Sitemap for a site with a large number of dynamic subdomains

bartekb picture bartekb · Oct 7, 2010 · Viewed 7.5k times · Source

I'm running a site which allows users to create subdomains. I'd like to submit these user subdomains to search engines via sitemaps. However, according to the sitemaps protocol (and Google Webmaster Tools), a single sitemap can include URLs from a single host only.

What is the best approach?

At the moment I've the following structure:

  1. Sitemap index located at example.com/sitemap-index.xml that lists sitemaps for each subdomain (but located at the same host).
  2. Each subdomain has its own sitemap located at example.com/sitemap-subdomain.xml (this way the sitemap index includes URLs from a single host only).
  3. A sitemap for a subdomain contains URLs from the subdomain only, i.e., subdomain.example.com/*
  4. Each subdomain has subdomain.example.com/robots.txt file:

--

User-agent: *
Allow: /

Sitemap: http://example.com/sitemap-subdomain.xml

--

I think this approach complies to the sitemaps protocol, however, Google Webmaster Tools give errors for subdomain sitemaps: "URL not allowed. This url is not allowed for a Sitemap at this location."

I've also checked how other sites do it. Eventbrite, for instance, produces sitemaps that contain URLs from multiple subdomains (e.g., see http://www.eventbrite.com/events01.xml.gz). This, however, does not comply with the sitemaps protocol.

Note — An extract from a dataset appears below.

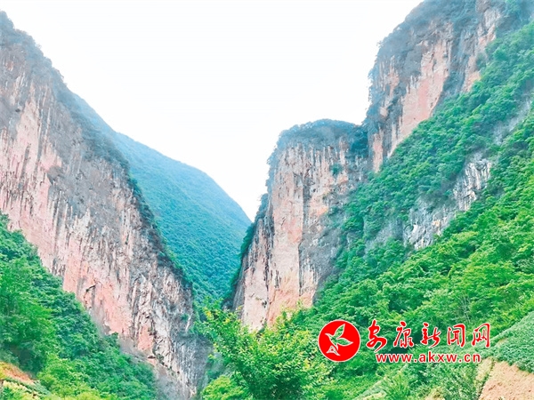 白巖坡就是大巴山的杰作,地質(zhì)斷層形成的兩座山峰如同兩扇大門(mén),擋在通往巴山的路途上,展示著什么是“一夫當(dāng)關(guān),萬(wàn)夫莫開(kāi)”。歲月的風(fēng)霜雪雨、日曬夜露將山體侵染成灰白相間的印跡,像極了牛角上的紋路,生命力極強(qiáng)的花草樹(shù)木在懸崖峭壁上瘋狂生長(zhǎng),一條不知趣的小溪硬是從兩山夾峙中拼命擠過(guò),切出一道深澗,絮絮叨叨著“水可穿石”。從巖石里、溶洞中、草木根沁出的泉水,爭(zhēng)先恐后地竄進(jìn)小溪,歡歌嬉戲。停車(chē)駐足,一股清新空氣不打招呼地沁入心脾,全身舒坦。抬頭仰望,一線(xiàn)天里寫(xiě)滿(mǎn)花草樹(shù)木、藍(lán)天白云、風(fēng)花雪月,讓人心曠神怡,仿佛到了世外桃源。

What approach do you recommend for sitemaps?

Answer

Brian Armstrong picture Brian Armstrong · Dec 19, 2010

I recently struggled through this and finally got it working. See this thread for more details:

http://www.google.com/support/forum/p/Webmasters/thread?tid=53c3e4b3ab8d9503&hl=en&fid=53c3e4b3ab8d9503000497bd04ba63cf

Summary:

  • Use DNS verification to verify your site and all it's subdomains in one fell swoop
  • make the robots.txt on all your subdomains point to the main sitemap on your www domain
  • You may need to wait several days for Google to update it's cached copies of robot.txt on all your subdomains. It will still show errors until then.